(Source information)
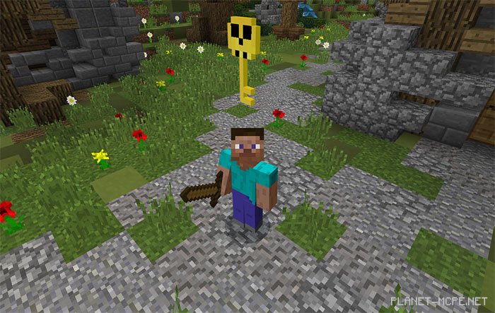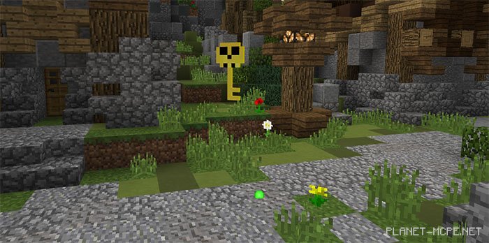 The map «SG FFA Run (Battle for the Throne)» offers a fast-paced and exciting experience where players of Minecraft PE enter an arena to compete for the key to the throne! Upon your arrival in the arena, you will have 5 seconds of invincibility, after which it’s every player for themselves. Rush to grab the key marked by a beacon or check your interface to see who currently holds it. If the key drops on the ground, pick it up and dash towards the door where you spawned!
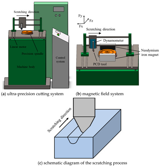 The scratching tests were conducted with a self-developed magnetic-field-assisted machine tool, as exhibited in Figure 2a. The magnetic-field-assisted machine tool was composed of an ultra-precision cutting system and a magnetic-field system; the major components included a machine body, linear motor, precision spindle, control system, and magnetic field system. The ultra-precision cutting system could provide a highest rotating speed of about 12,000 rpm and a repeat position precision of ±2 μm. After adjusting the dynamic balance of the precision spindle, the system could provide an axial runout on the spindle end face of less than 1 μm to enable high-precision scratching depth. On the basis of the ultra-precision cutting system, the magnetic-field system, which was composed of two permanent magnets made of neodymium iron N35H with different polarities, was clamped on the worktable to perform magnetic-field-assisted machining, as shown in Figure 2b. The used permanent magnets were 100 × 50 × 20 mm. To prevent detrimental effects on the ultra-precision cutting system, the permanent magnets were magnetically insulated in the surrounding direction except the direction toward the workpiece using a magnetic isolation cover fixture made of 45 steel material, which could shield more than 96% of the magnetic intensity. The remained magnetic induction line was perpendicular to the scratching direction. The remanence and coercive force generated by the magnetic field system on the workpiece zone were 1.18 T and 880 KA/m.
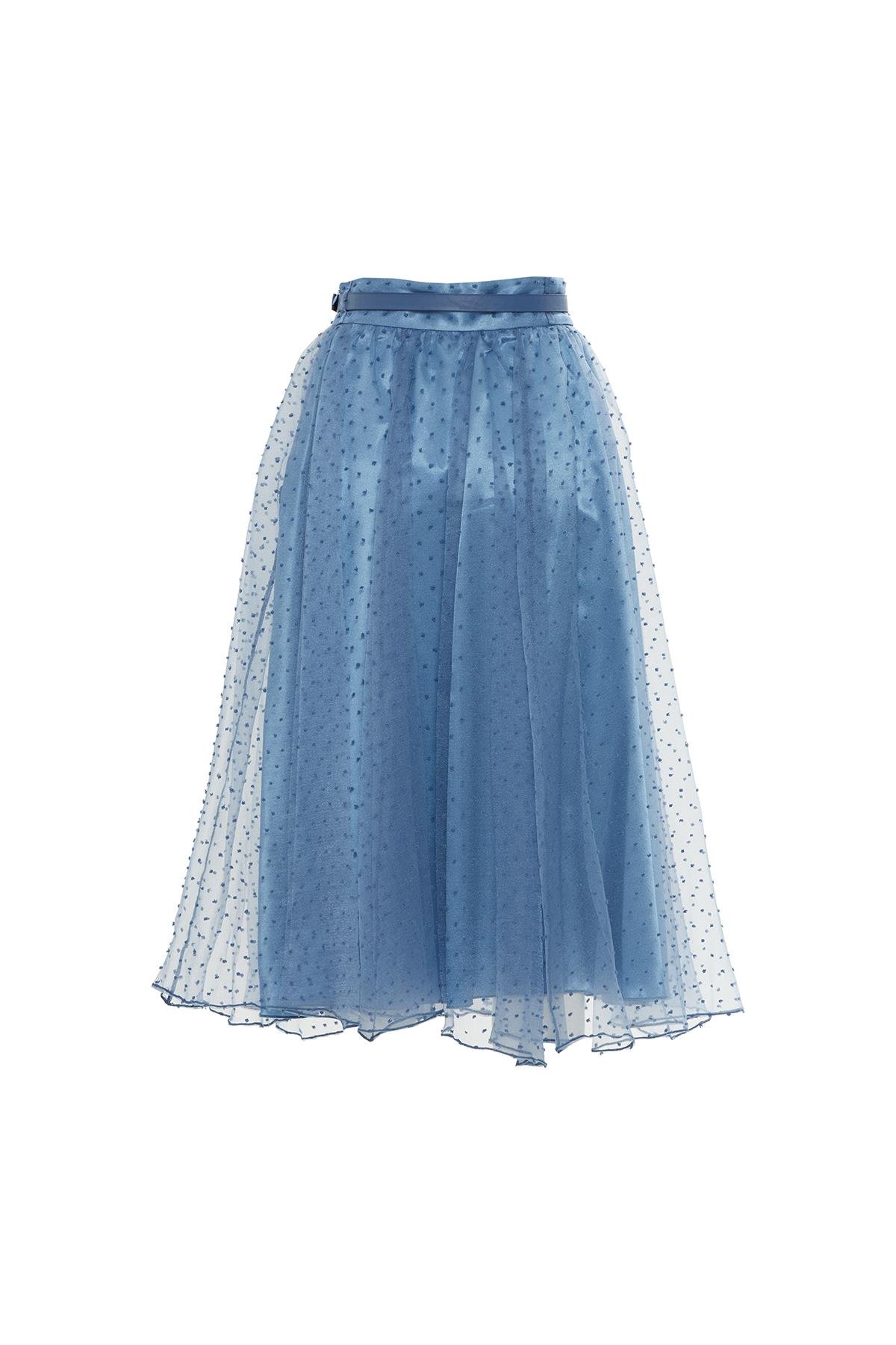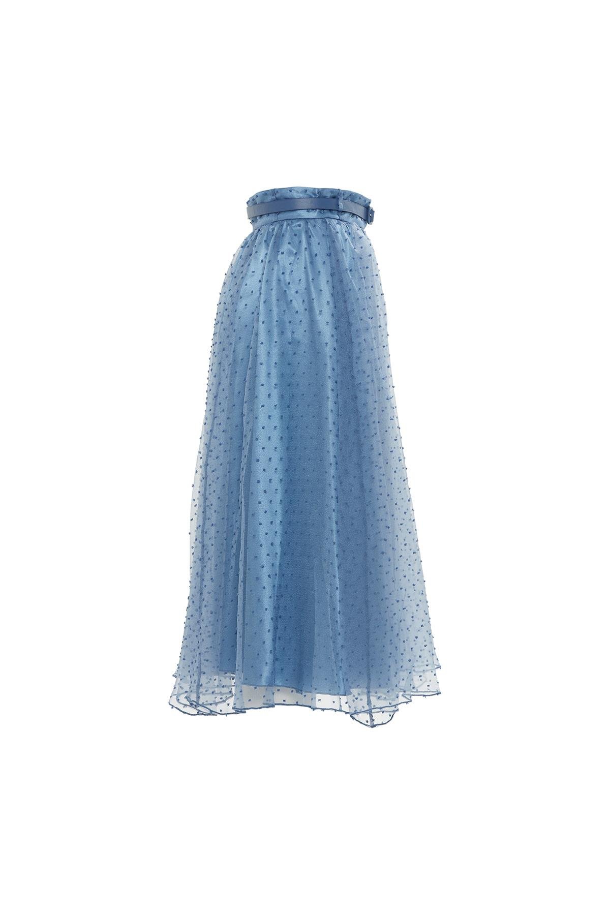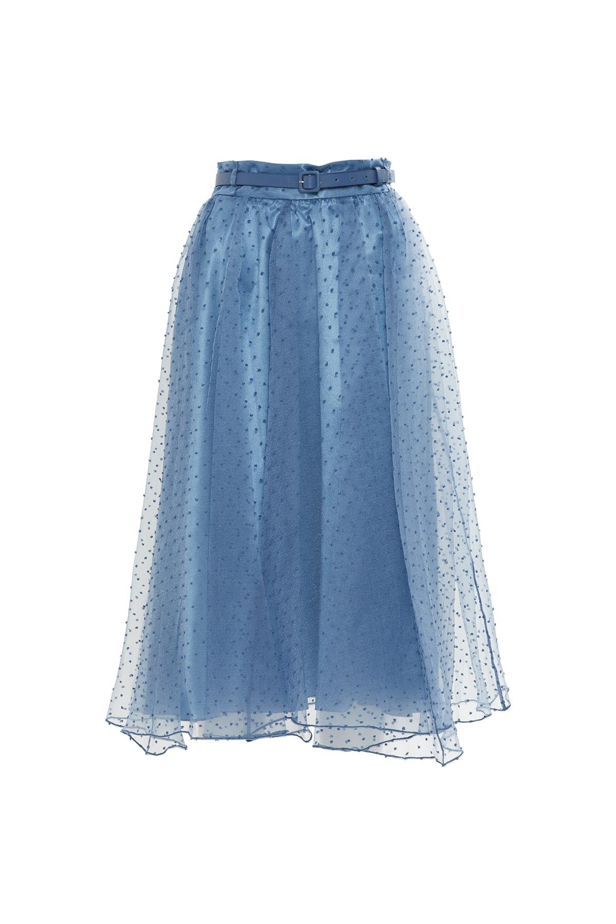 Organze Beli Kemerli Midi Boy Beyaz Kloş Etek (M1YMXD0011)
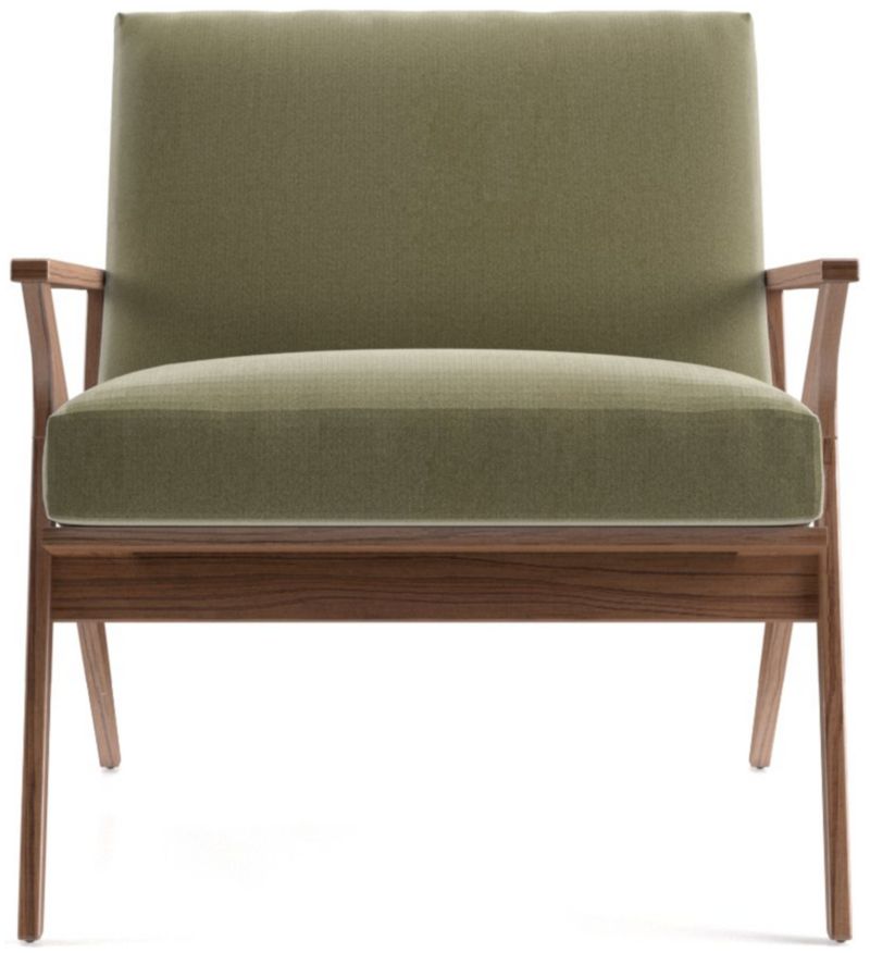 The Cavett chair's slight recline angles you back comfortably with supportive cushions upholstered in a polyester basketweave that layers varied tones of brown. The Cavett Chair is a Crate and Barrel exclusive.
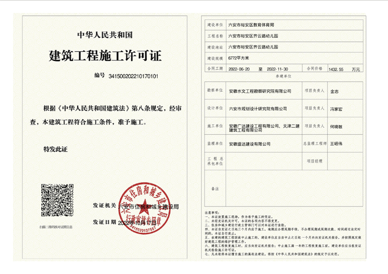 裕安区齐云路幼儿园施工许可证
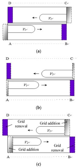 Addition and removal of meshes: (a) t moment; (b) t + Δt moment; (c) t + nΔt moment.
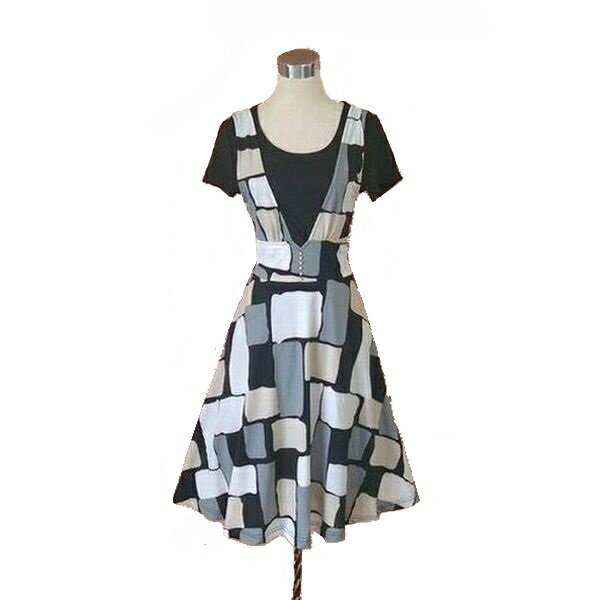 【ラスト1点】 ワンピース 半袖 夏 レディース チェック柄 膝丈 ジャンパースカート風 アンサンプルデザイン 上質 ミディアム フレア ジャージワンピース グレー ベージュ ホワイト 白 ミックス マルチカラー
(End Source information)
- Work request:
With the images excluded, all entries are to be given again exactly.

- Your response:
 The map «SG FFA Run (Battle for the Throne)» offers a fast-paced and exciting experience where players of Minecraft PE enter an arena to compete for the key to the throne! Upon your arrival in the arena, you will have 5 seconds of invincibility, after which it’s every player for themselves. Rush to grab the key marked by a beacon or check your interface to see who currently holds it. If the key drops on the ground, pick it up and dash towards the door where you spawned!
 The scratching tests were conducted with a self-developed magnetic-field-assisted machine tool, as exhibited in Figure 2a. The magnetic-field-assisted machine tool was composed of an ultra-precision cutting system and a magnetic-field system; the major components included a machine body, linear motor, precision spindle, control system, and magnetic field system. The ultra-precision cutting system could provide a highest rotating speed of about 12,000 rpm and a repeat position precision of ±2 μm. After adjusting the dynamic balance of the precision spindle, the system could provide an axial runout on the spindle end face of less than 1 μm to enable high-precision scratching depth. On the basis of the ultra-precision cutting system, the magnetic-field system, which was composed of two permanent magnets made of neodymium iron N35H with different polarities, was clamped on the worktable to perform magnetic-field-assisted machining, as shown in Figure 2b. The used permanent magnets were 100 × 50 × 20 mm. To prevent detrimental effects on the ultra-precision cutting system, the permanent magnets were magnetically insulated in the surrounding direction except the direction toward the workpiece using a magnetic isolation cover fixture made of 45 steel material, which could shield more than 96% of the magnetic intensity. The remained magnetic induction line was perpendicular to the scratching direction. The remanence and coercive force generated by the magnetic field system on the workpiece zone were 1.18 T and 880 KA/m.
 Organze Beli Kemerli Midi Boy Beyaz Kloş Etek (M1YMXD0011)
 The Cavett chair's slight recline angles you back comfortably with supportive cushions upholstered in a polyester basketweave that layers varied tones of brown. The Cavett Chair is a Crate and Barrel exclusive.
 裕安区齐云路幼儿园施工许可证
 Addition and removal of meshes: (a) t moment; (b) t + Δt moment; (c) t + nΔt moment.
 【ラスト1点】 ワンピース 半袖 夏 レディース チェック柄 膝丈 ジャンパースカート風 アンサンプルデザイン 上質 ミディアム フレア ジャージワンピース グレー ベージュ ホワイト 白 ミックス マルチカラー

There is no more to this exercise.